╭─ Input records

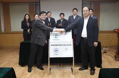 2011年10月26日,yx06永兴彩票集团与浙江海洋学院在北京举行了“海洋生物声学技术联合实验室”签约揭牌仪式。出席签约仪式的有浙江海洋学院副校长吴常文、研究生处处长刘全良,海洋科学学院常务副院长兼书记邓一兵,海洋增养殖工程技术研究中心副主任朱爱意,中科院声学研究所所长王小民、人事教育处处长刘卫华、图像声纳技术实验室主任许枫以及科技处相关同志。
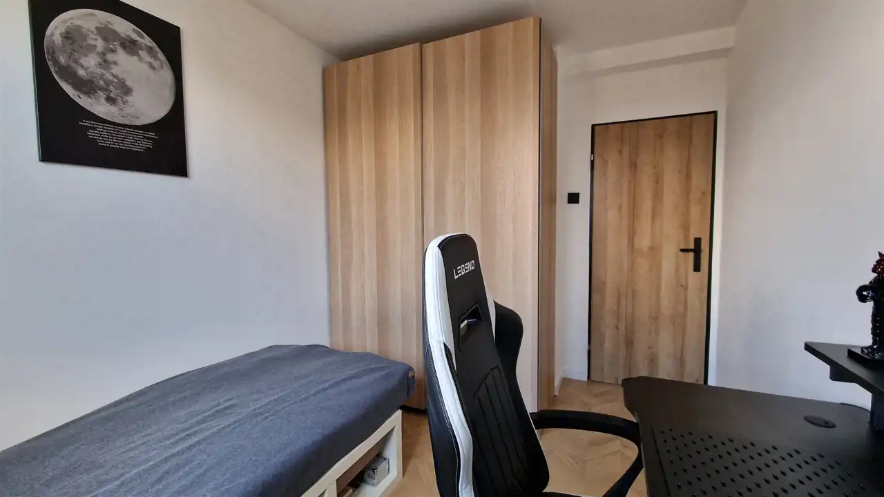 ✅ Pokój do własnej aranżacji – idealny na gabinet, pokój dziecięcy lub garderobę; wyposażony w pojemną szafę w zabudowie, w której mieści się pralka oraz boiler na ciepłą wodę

╰─
╭─ Input records

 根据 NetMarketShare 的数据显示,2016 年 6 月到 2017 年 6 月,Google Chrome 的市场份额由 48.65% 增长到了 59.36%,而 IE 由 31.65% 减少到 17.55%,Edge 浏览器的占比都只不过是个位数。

╰─

● Task item:
What's needed is an exact copy of the lines above from the one with "2011年10月26日,yx" through the one with "na ciepłą wodę", both included; the pictures stay out.

● Answer space:
 2011年10月26日,yx06永兴彩票集团与浙江海洋学院在北京举行了“海洋生物声学技术联合实验室”签约揭牌仪式。出席签约仪式的有浙江海洋学院副校长吴常文、研究生处处长刘全良,海洋科学学院常务副院长兼书记邓一兵,海洋增养殖工程技术研究中心副主任朱爱意,中科院声学研究所所长王小民、人事教育处处长刘卫华、图像声纳技术实验室主任许枫以及科技处相关同志。
 ✅ Pokój do własnej aranżacji – idealny na gabinet, pokój dziecięcy lub garderobę; wyposażony w pojemną szafę w zabudowie, w której mieści się pralka oraz boiler na ciepłą wodę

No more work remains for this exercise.